I was invited to present this methodological piece at the linguistic research colloquium of the University of Osnabrück.
http://www.slideshare.net/coffee001/quantitative-individuated-corpus-linguistics

Presentation held as part of the research colloquium of the Department of English Language and Linguistics.
http://www.slideshare.net/coffee001/lies-at-wal-mart-presented-at-duesseldorf-university-germany

Presentation held as part of the workshop "Syntactic Variation and Emerging Genres" at the 29th annual meeting of the German Linguistic Society (Deutsche Gesellschaft für Sprachwissenschaft, DGfS).
http://www.slideshare.net/coffee001/variation-and-genrefication-in-blogs-presented-at-dgfs-2007-siegen-germany

Publications

Miscellaneous

Languages
Apart from a few computer languages, I am also proficient in German (first language), English (near-native) and French (though actual speakers of French may dispute this).

Editorial work
Together with Khan-Duc Kuttig and Petra B. Schubert, I currently serve as general editor of Register and Context.

Conferences
In concert with our partners at the Max Planck Digital Library, I am involved in the organization of the Berlin 6 Open Access Conference, which will take place in November 2008 in Duesseldorf.
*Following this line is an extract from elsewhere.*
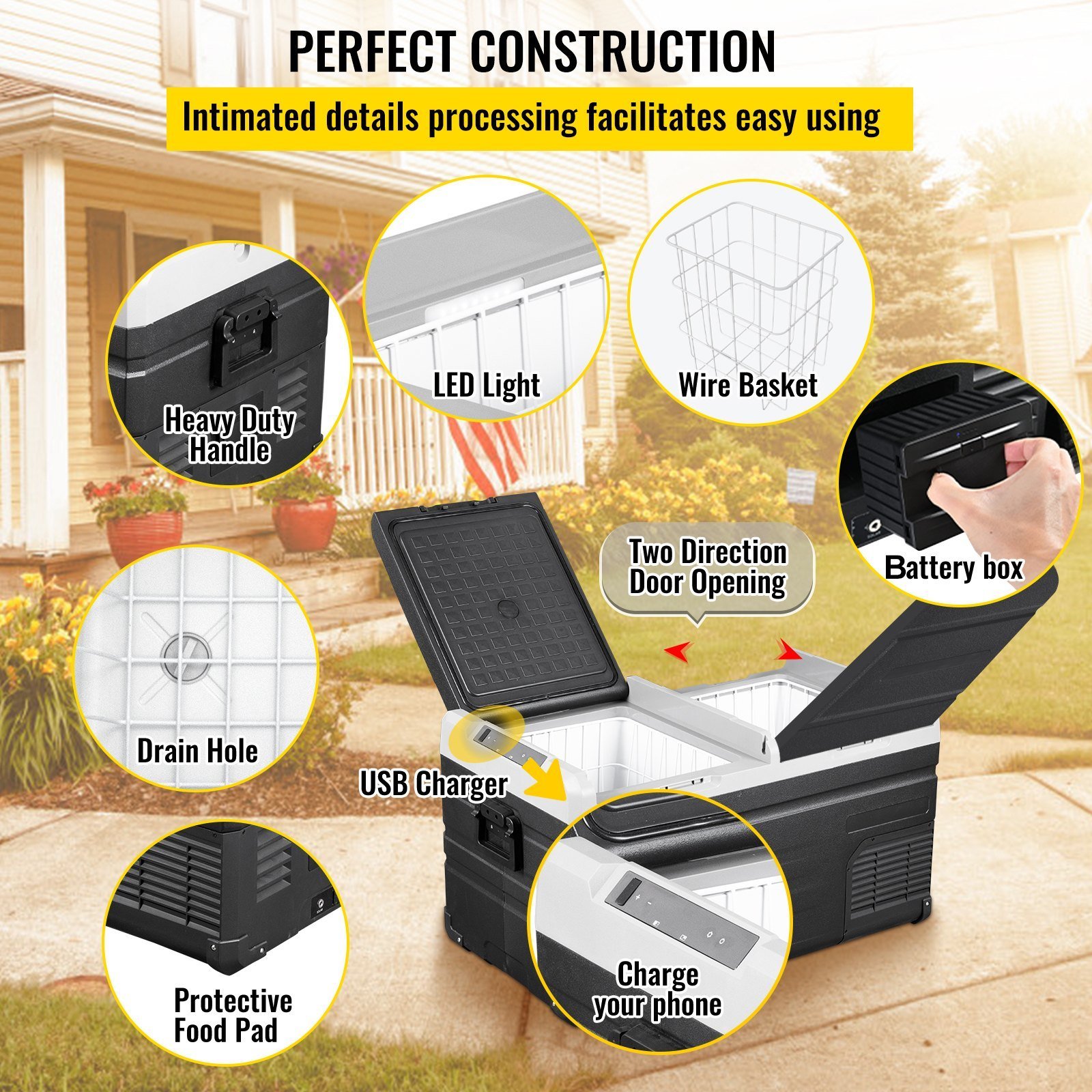 Our car refrigerator has many considerate details. The built-in LED light allows you to see the inside of the refrigerator. The handle improve portability, and the drain hole avoids ponding when in use. The detachable basket makes it easier for you to take things out. The battery box allows you to load the battery yourself. (Our refrigerator does not include batteries)

I also serve as the panel chair for the section New Forms of Scholarly Communication: Blogs, Wikis and Web 2.0 in Academia. Have a look at this post in my blog for more information.

Scholarly Societies
I am a member of the Linguistic Society of America (LSA), the International Pragmatics Association (IPrA) and the Deutsche Gesellschaft für Sprachwissenschaft (DGfS). I am also proud to serve as an ex officio member in LSA's Technical Advisory Committee (TAC) and the Committee for Member Services and IT (COMSIT).